**Material for this task:**
◇ ◇ ◇ ◇ ◇

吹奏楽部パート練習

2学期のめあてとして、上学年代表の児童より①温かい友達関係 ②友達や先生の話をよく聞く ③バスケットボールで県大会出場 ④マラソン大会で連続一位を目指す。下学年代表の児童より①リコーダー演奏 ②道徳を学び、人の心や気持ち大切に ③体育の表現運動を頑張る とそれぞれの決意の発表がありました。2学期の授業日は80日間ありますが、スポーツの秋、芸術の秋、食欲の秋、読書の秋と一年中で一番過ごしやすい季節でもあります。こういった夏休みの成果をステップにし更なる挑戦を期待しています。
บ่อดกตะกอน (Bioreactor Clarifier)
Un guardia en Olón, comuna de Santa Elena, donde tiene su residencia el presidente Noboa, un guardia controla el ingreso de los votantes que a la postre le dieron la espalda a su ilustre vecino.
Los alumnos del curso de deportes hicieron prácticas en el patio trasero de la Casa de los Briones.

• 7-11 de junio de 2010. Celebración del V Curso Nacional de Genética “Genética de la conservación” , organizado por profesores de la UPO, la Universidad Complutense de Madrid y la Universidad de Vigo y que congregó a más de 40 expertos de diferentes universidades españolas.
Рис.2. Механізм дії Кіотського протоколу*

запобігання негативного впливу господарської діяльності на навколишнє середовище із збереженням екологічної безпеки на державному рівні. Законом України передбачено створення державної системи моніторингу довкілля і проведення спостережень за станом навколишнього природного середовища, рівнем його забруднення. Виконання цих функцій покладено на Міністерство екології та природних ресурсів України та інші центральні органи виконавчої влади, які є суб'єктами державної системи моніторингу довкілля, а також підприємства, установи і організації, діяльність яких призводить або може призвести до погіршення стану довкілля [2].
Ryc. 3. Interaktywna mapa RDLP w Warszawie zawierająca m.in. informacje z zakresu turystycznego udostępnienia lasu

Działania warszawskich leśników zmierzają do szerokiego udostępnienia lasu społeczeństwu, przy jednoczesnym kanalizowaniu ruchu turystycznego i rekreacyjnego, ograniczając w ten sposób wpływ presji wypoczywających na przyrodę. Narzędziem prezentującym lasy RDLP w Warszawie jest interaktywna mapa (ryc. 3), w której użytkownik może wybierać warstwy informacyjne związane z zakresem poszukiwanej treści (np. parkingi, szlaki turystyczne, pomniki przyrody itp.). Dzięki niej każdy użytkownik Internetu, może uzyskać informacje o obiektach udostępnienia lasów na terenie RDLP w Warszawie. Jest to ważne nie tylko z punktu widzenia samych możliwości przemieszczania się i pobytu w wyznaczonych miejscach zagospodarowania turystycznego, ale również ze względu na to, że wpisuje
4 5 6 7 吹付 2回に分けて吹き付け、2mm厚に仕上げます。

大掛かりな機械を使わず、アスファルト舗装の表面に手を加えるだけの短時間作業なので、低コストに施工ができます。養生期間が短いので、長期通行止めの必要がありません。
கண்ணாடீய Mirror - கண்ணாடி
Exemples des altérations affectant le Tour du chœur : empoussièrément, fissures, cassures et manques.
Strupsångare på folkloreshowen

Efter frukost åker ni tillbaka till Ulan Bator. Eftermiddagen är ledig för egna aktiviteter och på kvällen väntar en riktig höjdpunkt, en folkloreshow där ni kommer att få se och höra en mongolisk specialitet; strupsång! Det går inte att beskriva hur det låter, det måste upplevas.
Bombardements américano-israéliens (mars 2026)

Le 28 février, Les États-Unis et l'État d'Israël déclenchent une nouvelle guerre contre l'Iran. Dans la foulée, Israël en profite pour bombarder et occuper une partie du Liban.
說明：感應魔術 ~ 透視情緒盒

◇ ◇ ◇ ◇ ◇

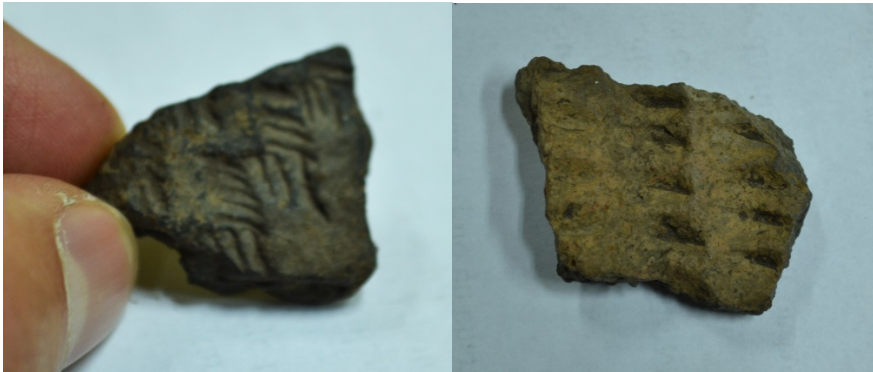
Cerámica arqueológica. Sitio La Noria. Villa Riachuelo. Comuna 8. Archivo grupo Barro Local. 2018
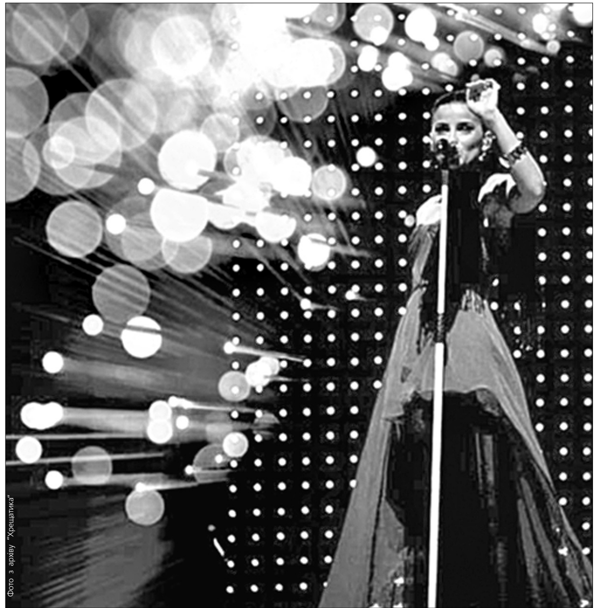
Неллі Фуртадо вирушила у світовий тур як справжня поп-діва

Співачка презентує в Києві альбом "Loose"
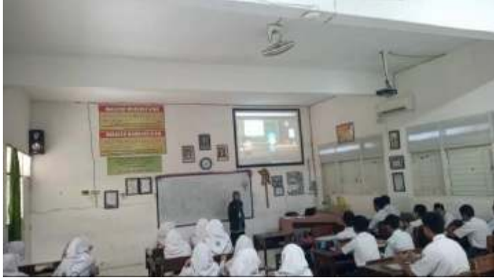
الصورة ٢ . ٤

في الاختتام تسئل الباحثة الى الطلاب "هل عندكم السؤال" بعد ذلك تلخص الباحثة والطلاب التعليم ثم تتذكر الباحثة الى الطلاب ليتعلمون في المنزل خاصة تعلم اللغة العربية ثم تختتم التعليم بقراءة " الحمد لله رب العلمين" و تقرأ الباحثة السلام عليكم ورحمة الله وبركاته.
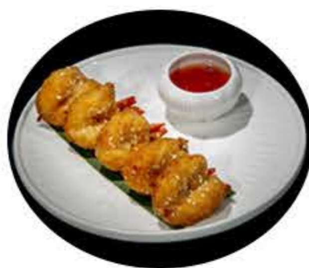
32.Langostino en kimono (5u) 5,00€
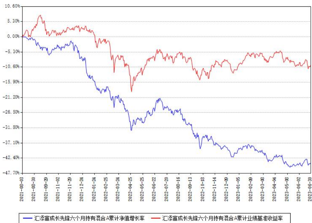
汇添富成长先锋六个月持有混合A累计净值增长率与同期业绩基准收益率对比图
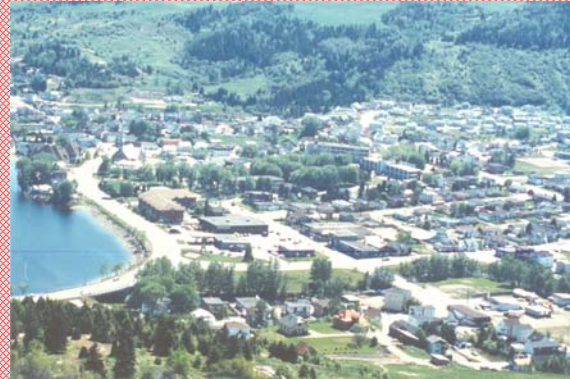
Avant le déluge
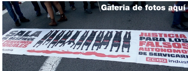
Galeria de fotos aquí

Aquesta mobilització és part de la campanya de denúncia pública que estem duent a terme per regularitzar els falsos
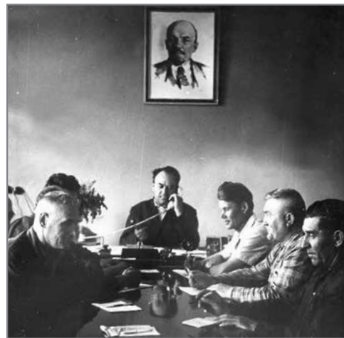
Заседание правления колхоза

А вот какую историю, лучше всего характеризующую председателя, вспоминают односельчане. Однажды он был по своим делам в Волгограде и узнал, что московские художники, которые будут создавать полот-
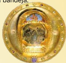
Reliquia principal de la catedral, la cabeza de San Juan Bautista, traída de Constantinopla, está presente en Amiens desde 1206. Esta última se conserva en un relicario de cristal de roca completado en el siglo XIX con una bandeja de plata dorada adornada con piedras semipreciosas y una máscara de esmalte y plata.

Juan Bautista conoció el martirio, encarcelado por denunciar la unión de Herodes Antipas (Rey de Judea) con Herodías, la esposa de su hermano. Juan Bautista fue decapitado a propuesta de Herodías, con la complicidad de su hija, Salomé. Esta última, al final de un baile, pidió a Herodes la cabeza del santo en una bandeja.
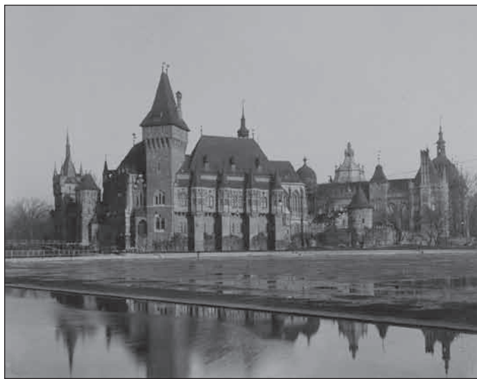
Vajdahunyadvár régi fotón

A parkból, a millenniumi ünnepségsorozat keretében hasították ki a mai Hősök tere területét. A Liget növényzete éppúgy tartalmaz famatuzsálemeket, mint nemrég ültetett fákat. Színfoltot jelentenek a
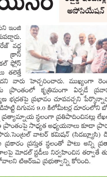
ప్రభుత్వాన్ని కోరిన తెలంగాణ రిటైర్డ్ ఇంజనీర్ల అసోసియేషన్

◇ ◇ ◇ ◇ ◇

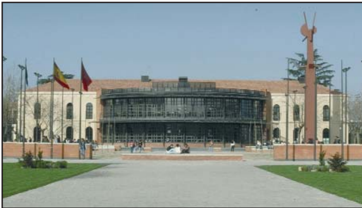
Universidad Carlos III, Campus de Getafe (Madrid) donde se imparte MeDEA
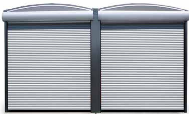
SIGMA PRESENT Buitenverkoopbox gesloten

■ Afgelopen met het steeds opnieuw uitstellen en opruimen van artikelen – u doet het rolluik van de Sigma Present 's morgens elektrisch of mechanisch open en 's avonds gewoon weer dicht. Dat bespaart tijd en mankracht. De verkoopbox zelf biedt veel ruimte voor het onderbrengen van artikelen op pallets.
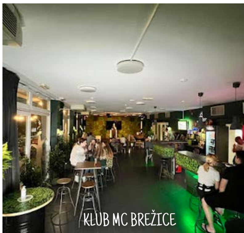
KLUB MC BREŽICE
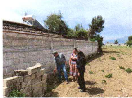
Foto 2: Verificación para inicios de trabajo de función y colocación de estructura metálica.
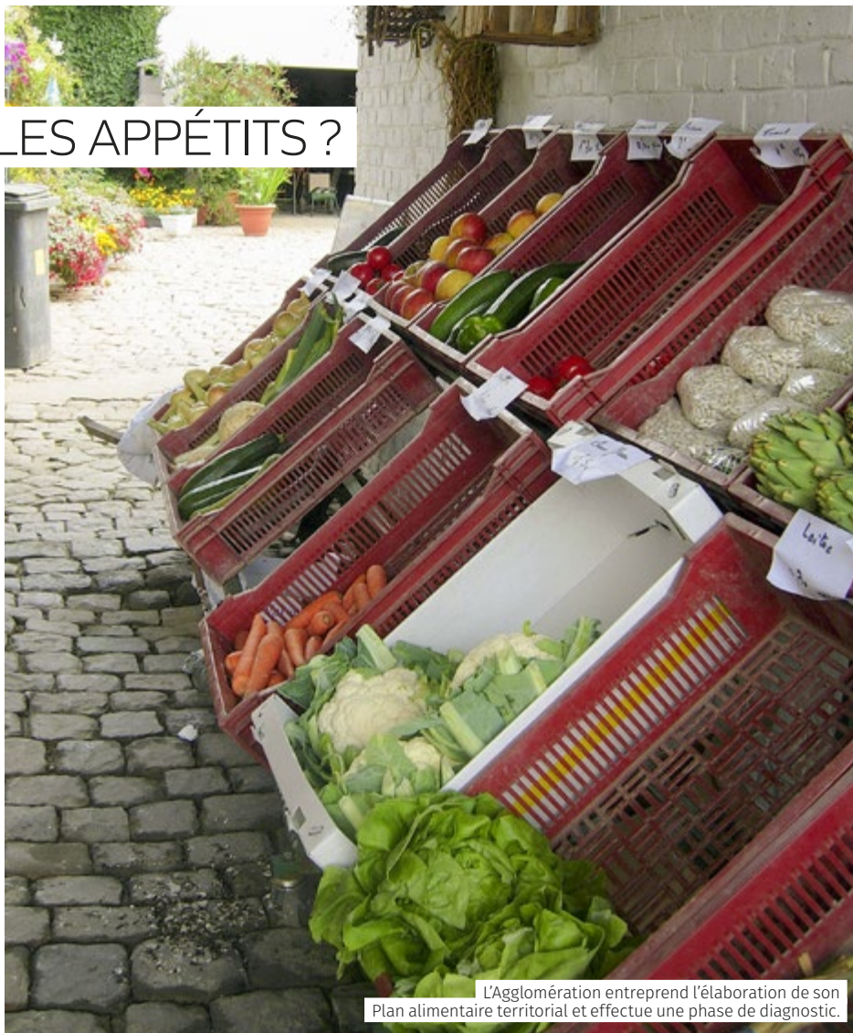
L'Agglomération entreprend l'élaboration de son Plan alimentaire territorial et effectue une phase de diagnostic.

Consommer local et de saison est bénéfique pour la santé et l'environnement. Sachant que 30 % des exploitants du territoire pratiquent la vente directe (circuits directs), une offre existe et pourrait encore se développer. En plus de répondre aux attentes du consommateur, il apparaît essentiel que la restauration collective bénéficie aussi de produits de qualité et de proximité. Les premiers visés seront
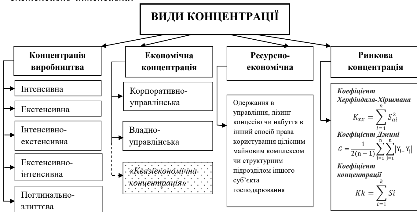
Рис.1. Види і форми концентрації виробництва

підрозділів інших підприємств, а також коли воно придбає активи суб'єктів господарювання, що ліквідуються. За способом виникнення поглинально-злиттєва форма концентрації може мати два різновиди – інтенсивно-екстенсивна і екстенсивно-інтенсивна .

◇ ◇ ◇ ◇ ◇

**Work required:**
Starting at the line above that holds "大掛かりな機械を使わず、アス" and ending at the line that holds "說明：感應魔術 ~ 透視情緒盒", transcribe each line exactly and include no other lines.

**Answer box:**
大掛かりな機械を使わず、アスファルト舗装の表面に手を加えるだけの短時間作業なので、低コストに施工ができます。養生期間が短いので、長期通行止めの必要がありません。
கண்ணாடீய Mirror - கண்ணாடி
Exemples des altérations affectant le Tour du chœur : empoussièrément, fissures, cassures et manques.
Strupsångare på folkloreshowen

Efter frukost åker ni tillbaka till Ulan Bator. Eftermiddagen är ledig för egna aktiviteter och på kvällen väntar en riktig höjdpunkt, en folkloreshow där ni kommer att få se och höra en mongolisk specialitet; strupsång! Det går inte att beskriva hur det låter, det måste upplevas.
Bombardements américano-israéliens (mars 2026)

Le 28 février, Les États-Unis et l'État d'Israël déclenchent une nouvelle guerre contre l'Iran. Dans la foulée, Israël en profite pour bombarder et occuper une partie du Liban.
說明：感應魔術 ~ 透視情緒盒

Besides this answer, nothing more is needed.